**Available records:**
____________

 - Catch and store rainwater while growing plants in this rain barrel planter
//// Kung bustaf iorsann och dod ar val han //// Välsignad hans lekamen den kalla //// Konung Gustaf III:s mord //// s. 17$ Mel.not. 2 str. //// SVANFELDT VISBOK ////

____________

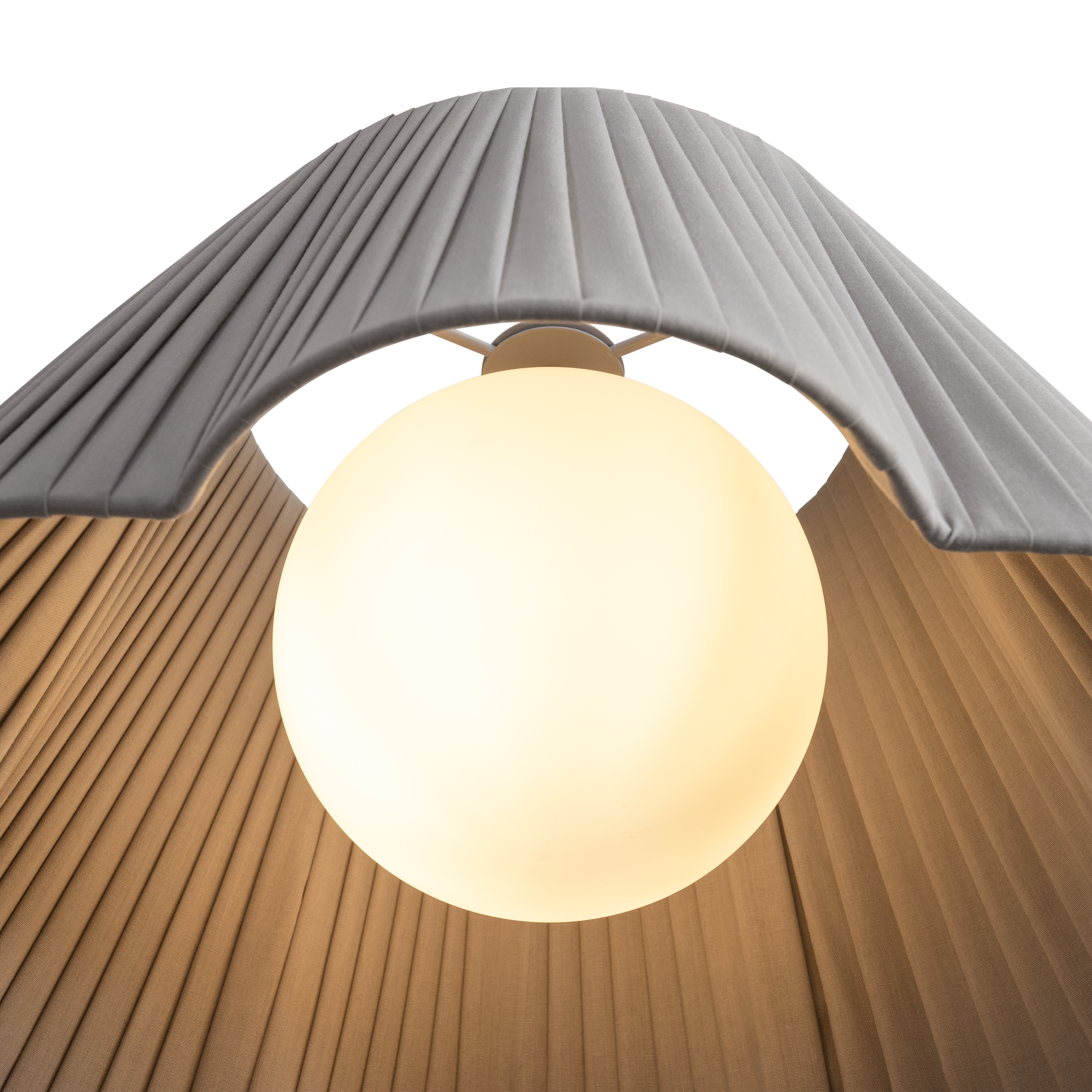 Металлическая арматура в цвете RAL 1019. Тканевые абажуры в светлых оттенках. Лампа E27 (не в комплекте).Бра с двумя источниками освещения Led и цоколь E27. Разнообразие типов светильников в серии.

____________

**Work to complete:**
Look above for the line with "- Catch and" and the line with "SVANFELDT VISBOK ////". Retype those two lines and every line between them exactly, adding nothing.

**Task answer:**
 - Catch and store rainwater while growing plants in this rain barrel planter
//// Kung bustaf iorsann och dod ar val han //// Välsignad hans lekamen den kalla //// Konung Gustaf III:s mord //// s. 17$ Mel.not. 2 str. //// SVANFELDT VISBOK ////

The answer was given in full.